═══ Dataset

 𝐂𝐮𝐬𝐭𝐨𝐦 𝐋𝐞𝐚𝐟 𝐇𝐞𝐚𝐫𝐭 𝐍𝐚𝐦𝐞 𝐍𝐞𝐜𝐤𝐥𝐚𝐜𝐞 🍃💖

══════
═══ Dataset

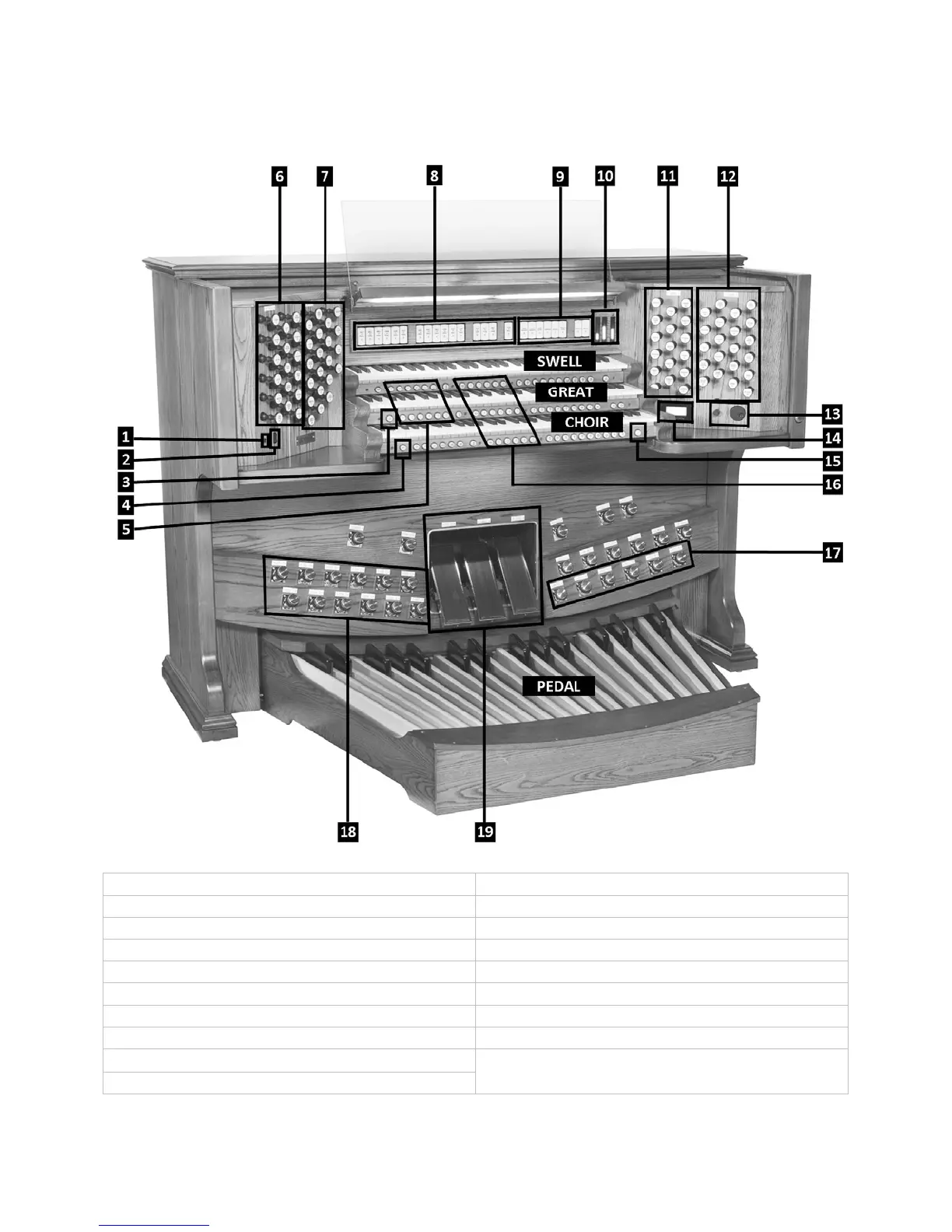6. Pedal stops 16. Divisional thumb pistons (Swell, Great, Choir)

══════
═══ Dataset

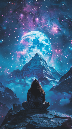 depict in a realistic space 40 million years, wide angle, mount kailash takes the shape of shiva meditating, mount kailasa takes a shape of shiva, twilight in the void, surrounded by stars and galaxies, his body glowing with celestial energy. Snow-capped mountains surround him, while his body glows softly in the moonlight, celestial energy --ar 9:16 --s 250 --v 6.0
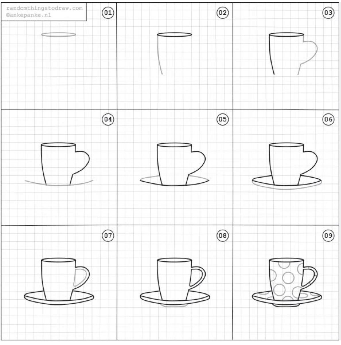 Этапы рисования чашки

══════

## Task objective
For this exercise, return exactly the lines above from the line with "depict in a" through the line with "Этапы рисования чашки", both included. Do not copy the pictures.

## Task output
 depict in a realistic space 40 million years, wide angle, mount kailash takes the shape of shiva meditating, mount kailasa takes a shape of shiva, twilight in the void, surrounded by stars and galaxies, his body glowing with celestial energy. Snow-capped mountains surround him, while his body glows softly in the moonlight, celestial energy --ar 9:16 --s 250 --v 6.0
 Этапы рисования чашки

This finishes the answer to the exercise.